Чтобы упростить воспроизводимость, я использую набор данных goats
из пакета ResourceSelection
, который содержит пространственные данные для используемых (STATUS == 1
) и «доступных» (STATUS == 0
) GPS-местоположений горных козлов.

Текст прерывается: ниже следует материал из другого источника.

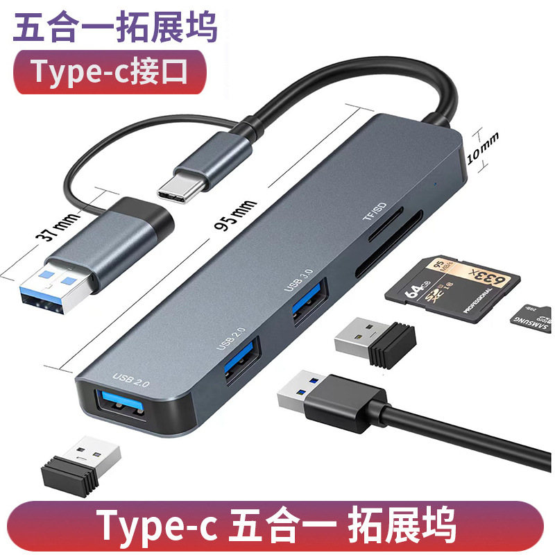 Hub multifungsi stasiun Dok, pembaca kartu SD/TF lintas batas lima dalam satu stasiun Dok tipe-c/USB ke USB 3.0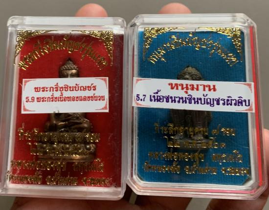 วัดใจ40 พระกริ่งชินบัญชร รุ่นแรก เนื้อทองแดงชนวน และ หนุมานชินบัญชรรุ่นแรกเนื้อชนวนชินบัญชร หลวงพ่อทองสุข วัดหนองฆ้อ จ.ระยอง รวม2องค์กล่องเดิม |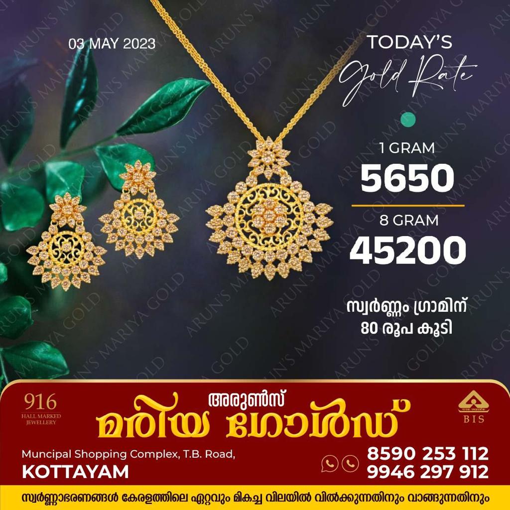 കോട്ടയം അരുൺസ് മരിയ ഗോൾഡിന്റെ ഇന്നത്തെ സ്വർണ നിരക്ക്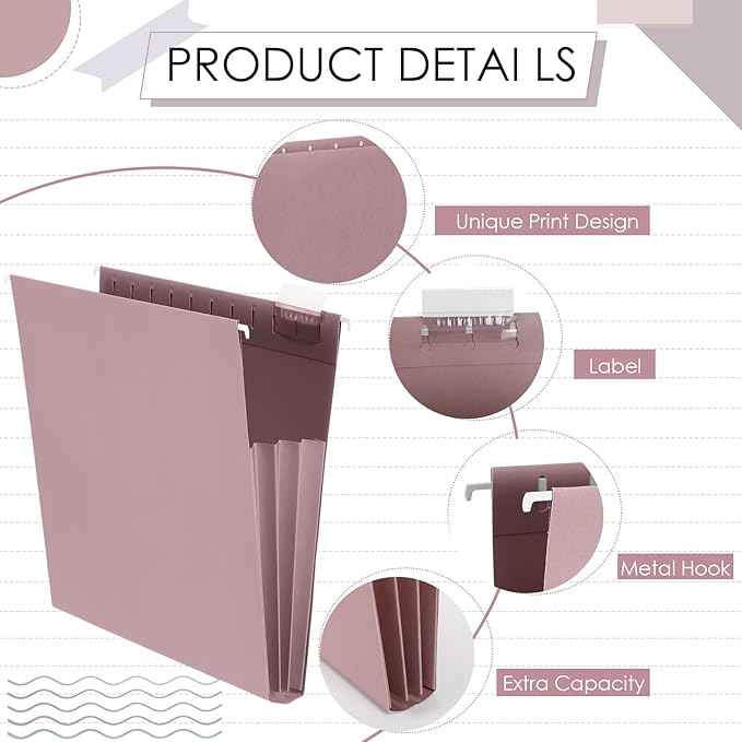 - Cute Colorful Style: the color scheme is soft and muted tones of taupes, warm pink, creams with accents of chartreuse and soft teals; Organize different types of files by these letter size hanging file folders for quick and easy identification

ID
для отдельных (n = 10), а ELEVATION, ... , TASP
- атрибуты точек.
library(tidyverse)
library(broom)
library(ResourceSelection)
head(goats)
STATUS ID ELEVATION SLOPE ET ASPECT HLI TASP
1 1 1 651 38.5216 35.3553 243.1131 0.9175926 0.9468804
2 1 1 660 39.6927 70.7107 270.0000 0.8840338 0.6986293
3 1 1 316 20.5477 50.0000 279.2110 0.7131423 0.5749115
4 1 1 334 34.0783 35.3553 266.1859 0.8643775 0.7447368
5 1 1 454 41.6187 25.0000 258.3106 0.9349181 0.8292587
6 1 1 343 28.4694 103.0776 237.0426 0.8254866 0.9756112
Я подгоняю несколько моделей к каждому индивидууму и сохраняю вывод каждой из них в виде отдельного столбца списка, как показано ниже.
#Function for model one
Mod1 <- function(df) {
glm(STATUS ~ SLOPE + I(SLOPE^2) + ASPECT + ET, data = df)
}
#Function for model two without ET
Mod2 <- function(df) {
glm(STATUS ~ SLOPE + I(SLOPE^2) + ASPECT, data = df)
}
#Fit the models
ModelFits <- goats %>%
group_by(ID) %>%
nest() %>%
mutate(fits1 = map(data, Mod1),
fits2 = map(data, Mod2),
glanced1 = map(fits1, glance),
#Create a dummy column to index model one
glanced1 = map(glanced1, ~ .x %>% mutate(Mod = "One")),
glanced2 = map(fits2, glance),
#Create a dummy column to index model two
glanced2 = map(glanced2, ~ .x %>% mutate(Mod = "Two")))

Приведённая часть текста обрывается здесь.